» **WHAT YOU NEED TO DO**:
Print each line exactly, from the one with "The traditional Christmas" to the very last line of the listing, and keep the pictures out.

» **SUPPLIED ENTRIES**:
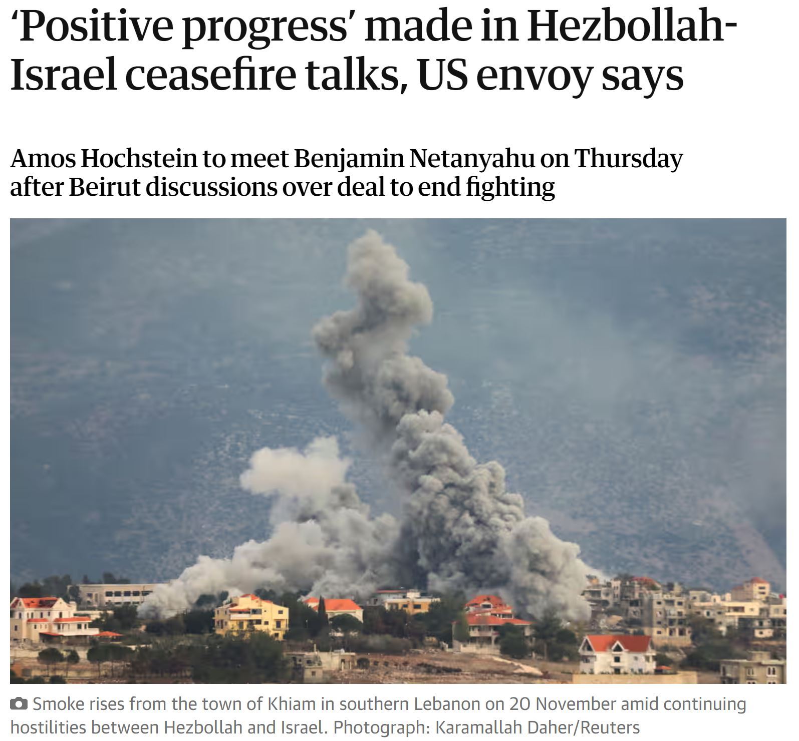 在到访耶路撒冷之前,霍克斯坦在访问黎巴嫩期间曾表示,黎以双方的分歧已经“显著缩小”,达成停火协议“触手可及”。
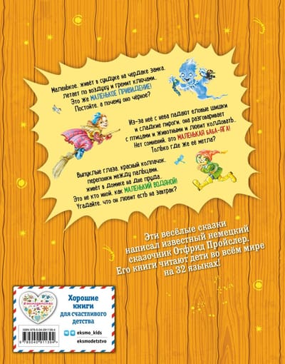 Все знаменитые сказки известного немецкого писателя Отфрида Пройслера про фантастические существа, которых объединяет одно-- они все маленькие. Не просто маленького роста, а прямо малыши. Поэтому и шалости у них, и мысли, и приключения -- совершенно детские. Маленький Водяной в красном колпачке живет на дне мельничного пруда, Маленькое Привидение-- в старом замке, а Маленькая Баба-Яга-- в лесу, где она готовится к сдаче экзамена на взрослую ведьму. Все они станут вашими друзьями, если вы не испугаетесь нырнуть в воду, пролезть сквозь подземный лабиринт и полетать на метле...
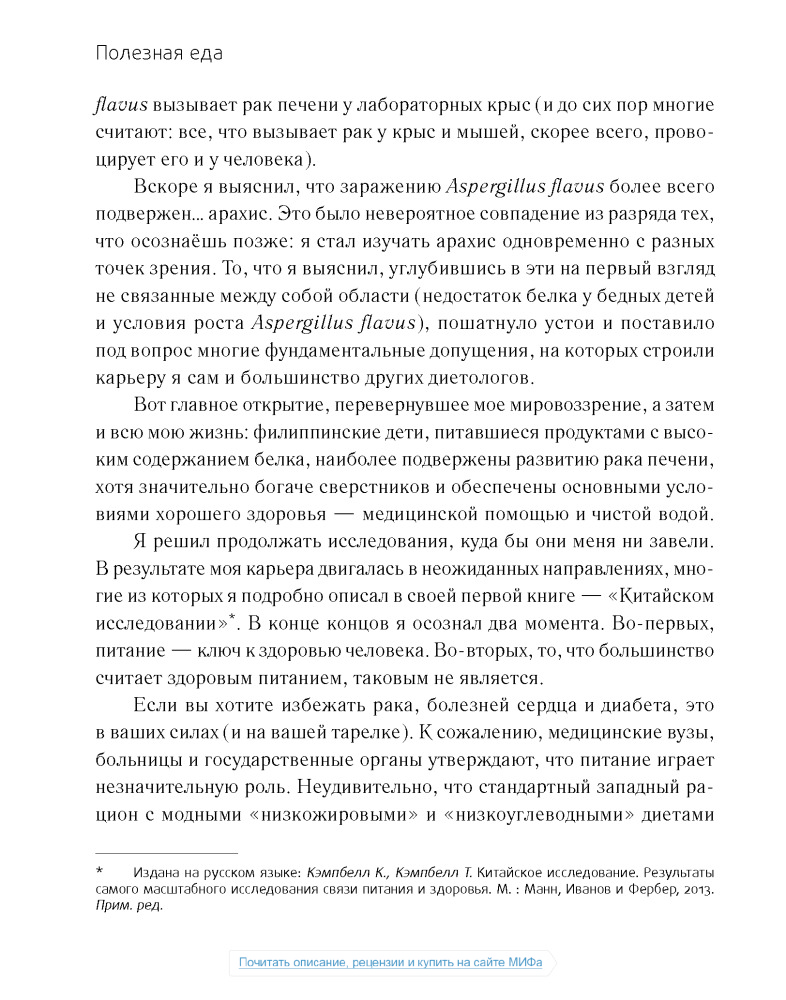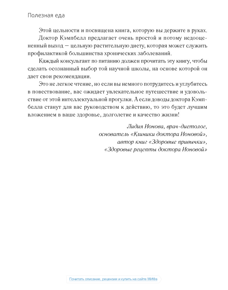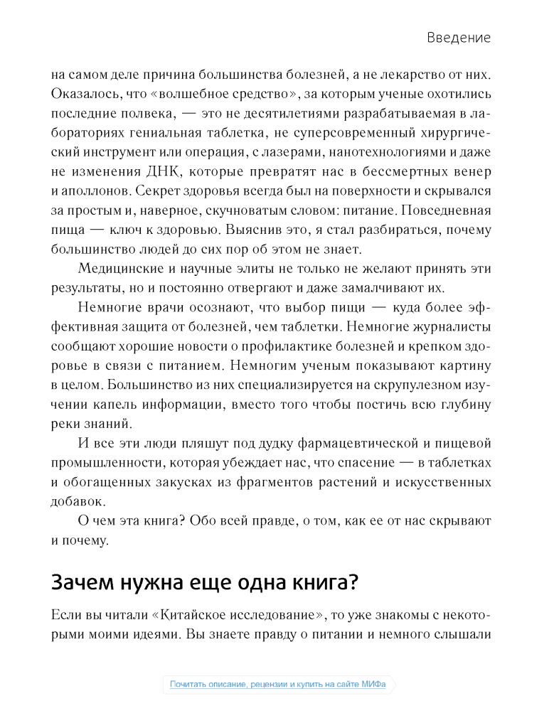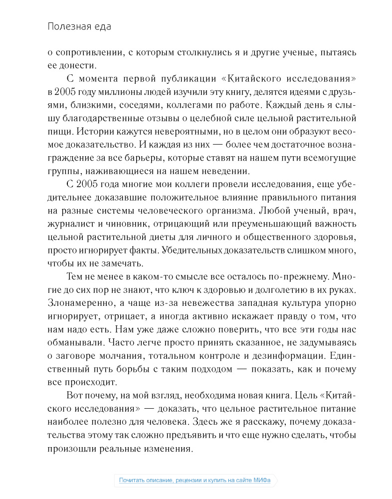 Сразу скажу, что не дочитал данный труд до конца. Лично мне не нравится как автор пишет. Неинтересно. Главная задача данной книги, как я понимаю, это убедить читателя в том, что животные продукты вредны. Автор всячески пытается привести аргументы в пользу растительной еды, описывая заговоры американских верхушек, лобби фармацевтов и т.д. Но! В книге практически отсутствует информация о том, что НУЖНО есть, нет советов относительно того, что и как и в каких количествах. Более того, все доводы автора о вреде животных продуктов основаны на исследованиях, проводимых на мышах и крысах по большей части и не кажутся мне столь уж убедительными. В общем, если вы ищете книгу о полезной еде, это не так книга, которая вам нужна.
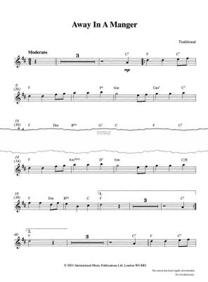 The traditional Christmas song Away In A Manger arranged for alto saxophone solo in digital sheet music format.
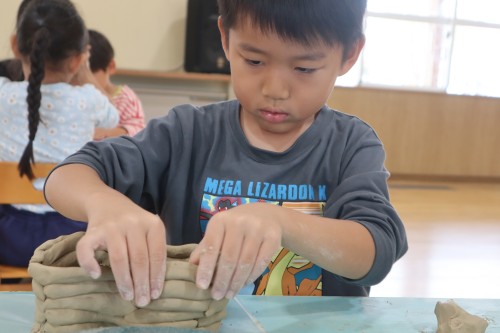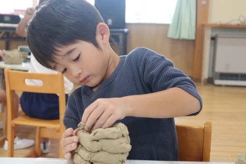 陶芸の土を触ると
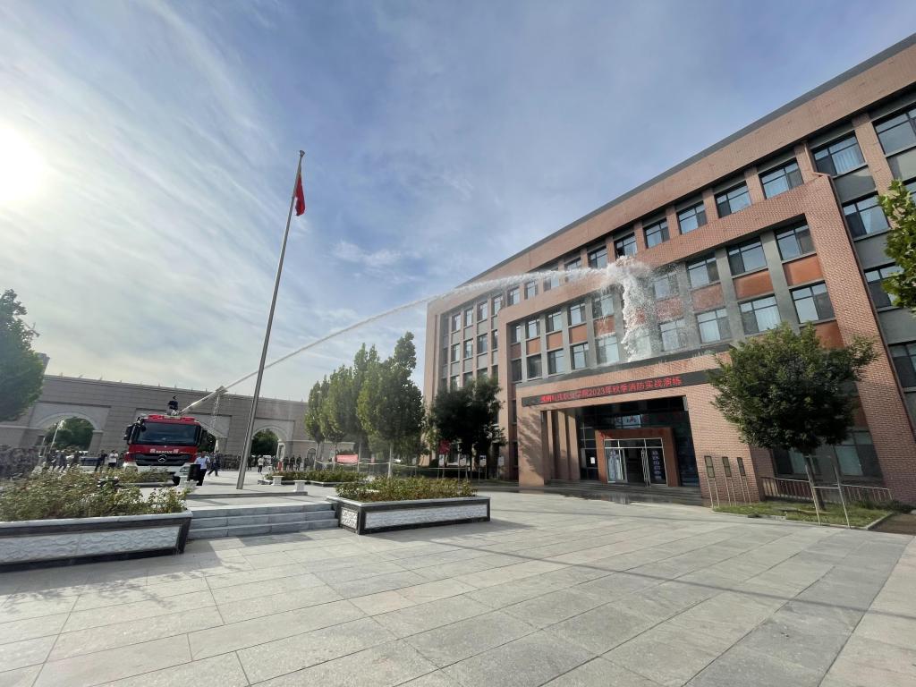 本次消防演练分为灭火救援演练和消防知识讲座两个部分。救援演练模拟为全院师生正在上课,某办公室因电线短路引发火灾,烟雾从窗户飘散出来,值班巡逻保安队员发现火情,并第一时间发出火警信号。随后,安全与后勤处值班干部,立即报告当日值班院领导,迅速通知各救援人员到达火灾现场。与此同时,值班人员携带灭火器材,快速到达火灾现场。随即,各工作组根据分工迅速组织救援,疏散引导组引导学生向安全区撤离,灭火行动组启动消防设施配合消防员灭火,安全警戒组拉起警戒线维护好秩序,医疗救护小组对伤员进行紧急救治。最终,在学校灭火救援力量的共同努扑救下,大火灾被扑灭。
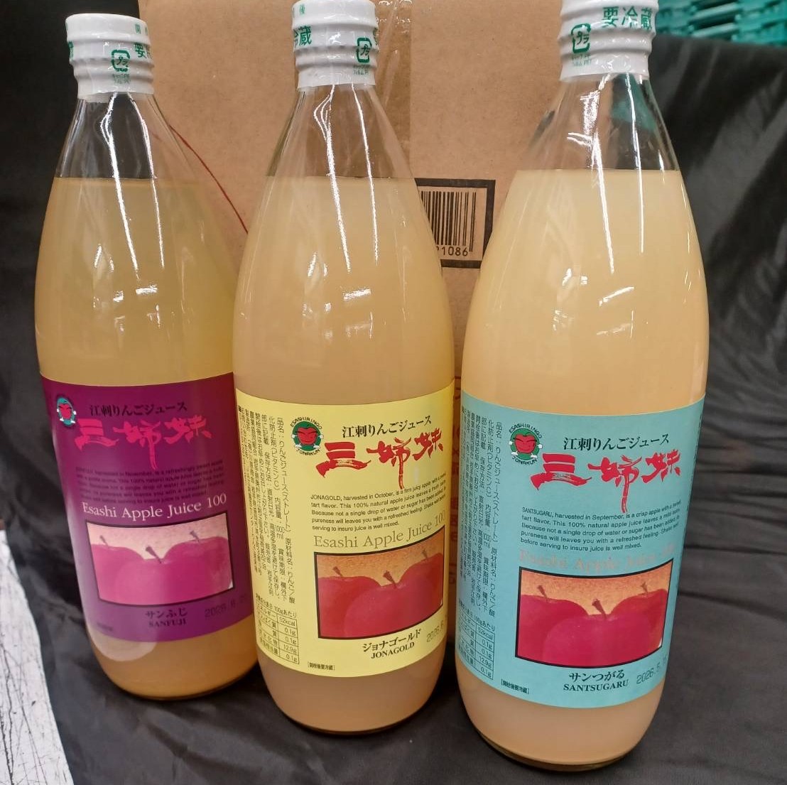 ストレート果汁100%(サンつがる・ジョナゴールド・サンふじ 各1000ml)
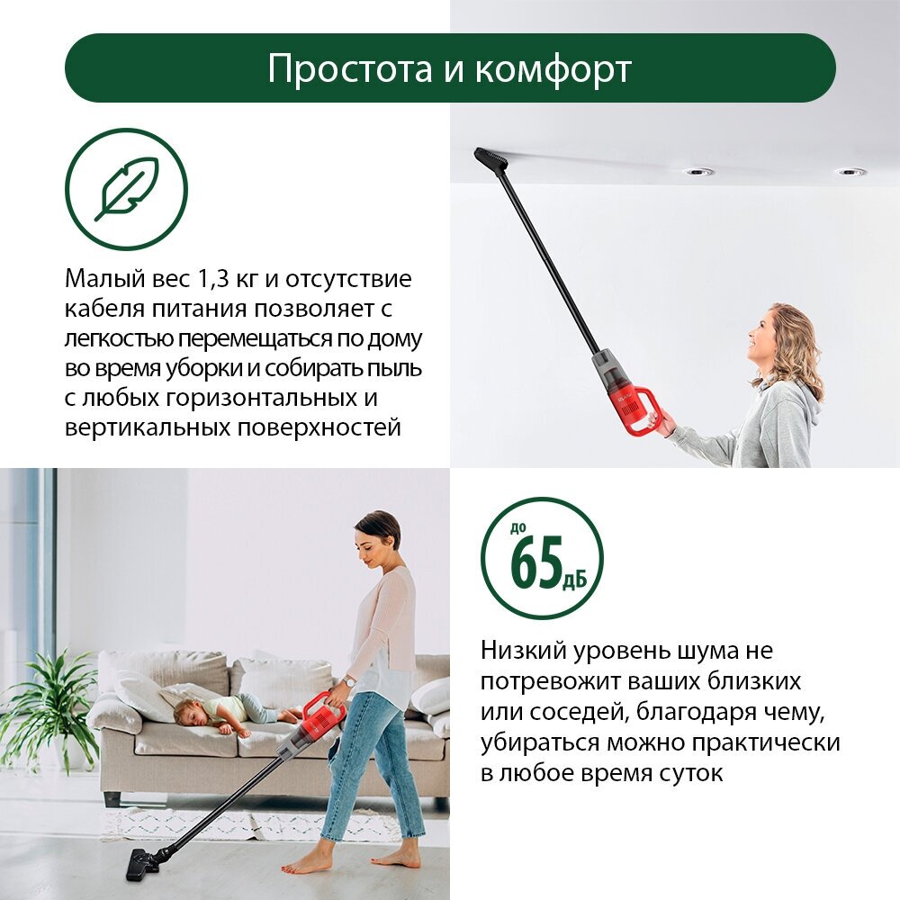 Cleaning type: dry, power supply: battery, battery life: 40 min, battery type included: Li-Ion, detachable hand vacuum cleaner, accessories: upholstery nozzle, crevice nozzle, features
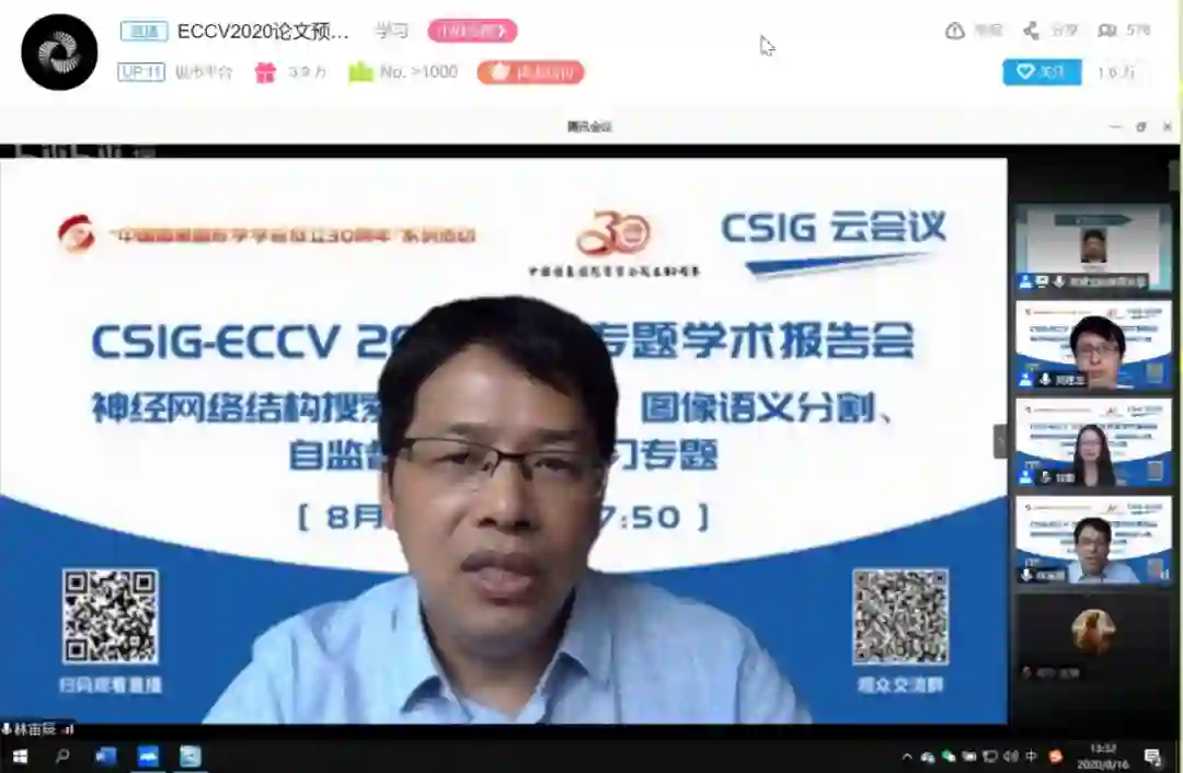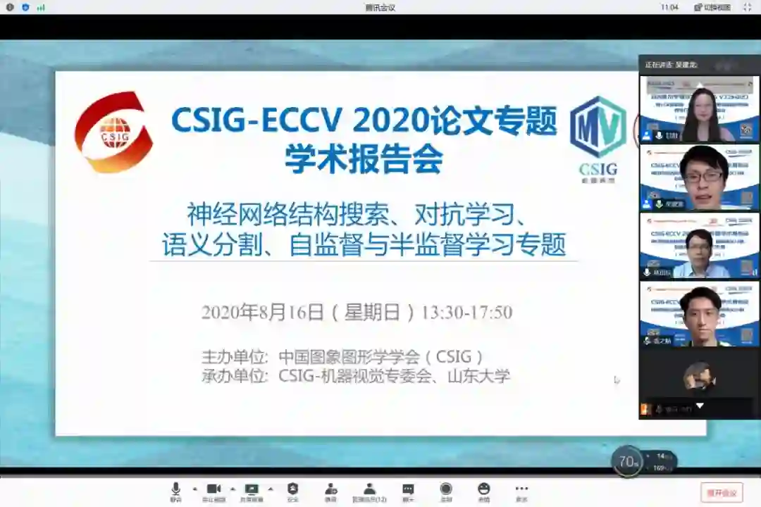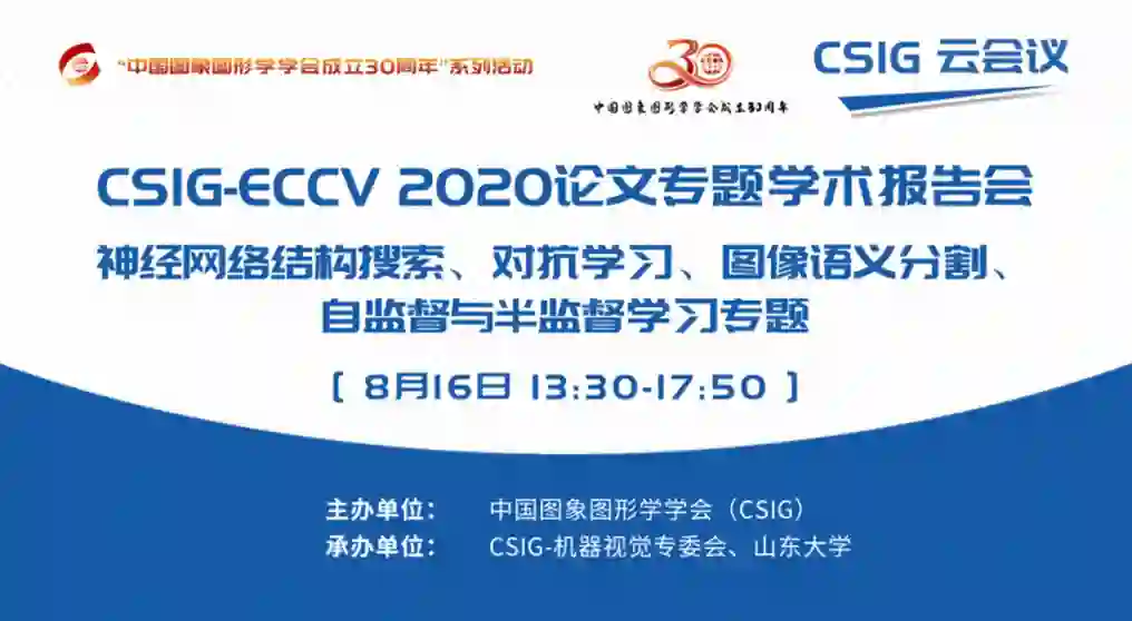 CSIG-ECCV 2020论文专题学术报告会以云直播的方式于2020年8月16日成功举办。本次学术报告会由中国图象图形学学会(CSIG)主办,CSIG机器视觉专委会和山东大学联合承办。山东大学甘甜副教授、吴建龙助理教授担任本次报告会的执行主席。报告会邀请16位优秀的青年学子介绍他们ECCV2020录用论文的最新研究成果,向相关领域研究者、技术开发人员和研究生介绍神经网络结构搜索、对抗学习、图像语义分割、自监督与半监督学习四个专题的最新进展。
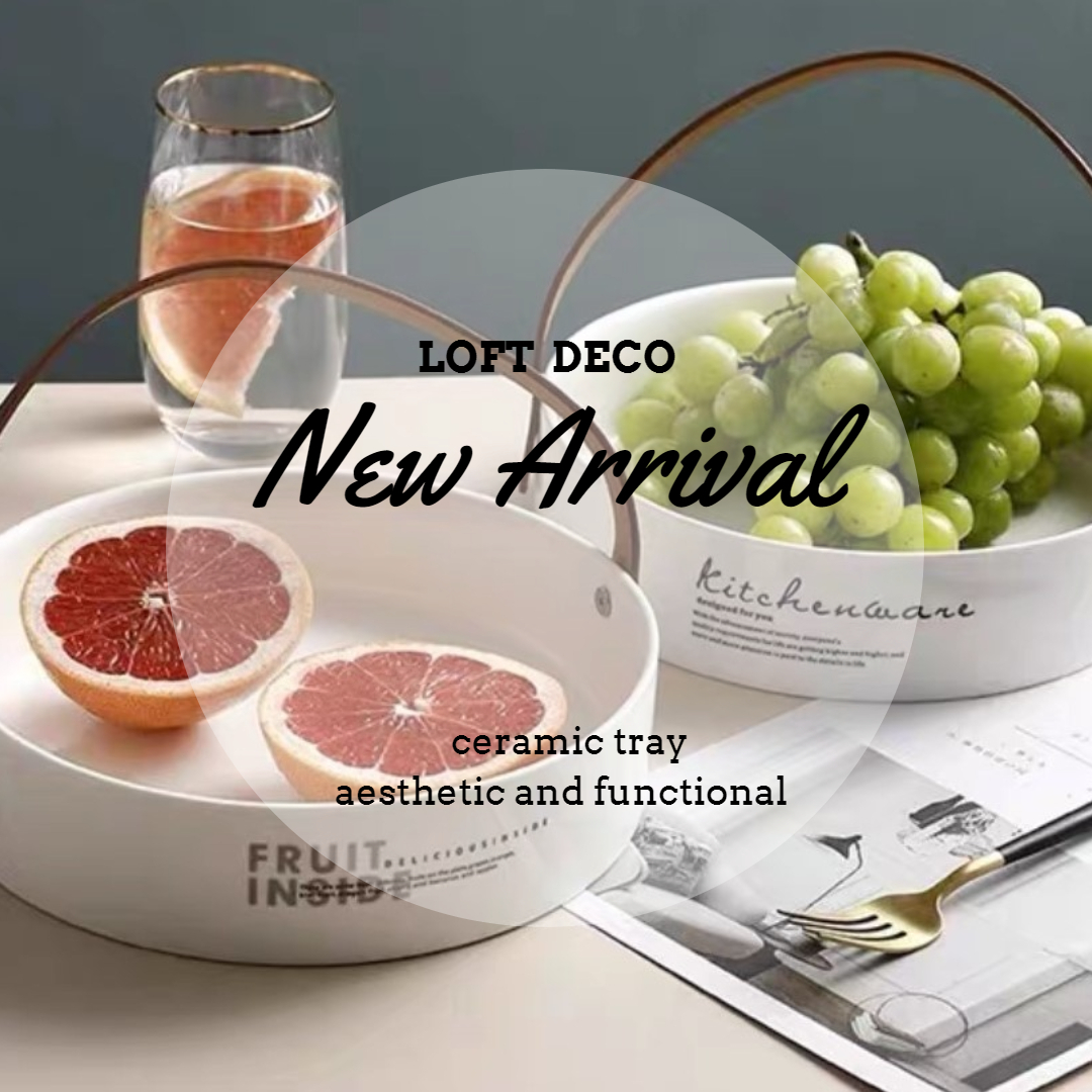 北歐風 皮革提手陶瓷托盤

» **RESPONSE AREA**:
 The traditional Christmas song Away In A Manger arranged for alto saxophone solo in digital sheet music format.
 陶芸の土を触ると
 本次消防演练分为灭火救援演练和消防知识讲座两个部分。救援演练模拟为全院师生正在上课,某办公室因电线短路引发火灾,烟雾从窗户飘散出来,值班巡逻保安队员发现火情,并第一时间发出火警信号。随后,安全与后勤处值班干部,立即报告当日值班院领导,迅速通知各救援人员到达火灾现场。与此同时,值班人员携带灭火器材,快速到达火灾现场。随即,各工作组根据分工迅速组织救援,疏散引导组引导学生向安全区撤离,灭火行动组启动消防设施配合消防员灭火,安全警戒组拉起警戒线维护好秩序,医疗救护小组对伤员进行紧急救治。最终,在学校灭火救援力量的共同努扑救下,大火灾被扑灭。
 ストレート果汁100%(サンつがる・ジョナゴールド・サンふじ 各1000ml)
 Cleaning type: dry, power supply: battery, battery life: 40 min, battery type included: Li-Ion, detachable hand vacuum cleaner, accessories: upholstery nozzle, crevice nozzle, features
 CSIG-ECCV 2020论文专题学术报告会以云直播的方式于2020年8月16日成功举办。本次学术报告会由中国图象图形学学会(CSIG)主办,CSIG机器视觉专委会和山东大学联合承办。山东大学甘甜副教授、吴建龙助理教授担任本次报告会的执行主席。报告会邀请16位优秀的青年学子介绍他们ECCV2020录用论文的最新研究成果,向相关领域研究者、技术开发人员和研究生介绍神经网络结构搜索、对抗学习、图像语义分割、自监督与半监督学习四个专题的最新进展。
 北歐風 皮革提手陶瓷托盤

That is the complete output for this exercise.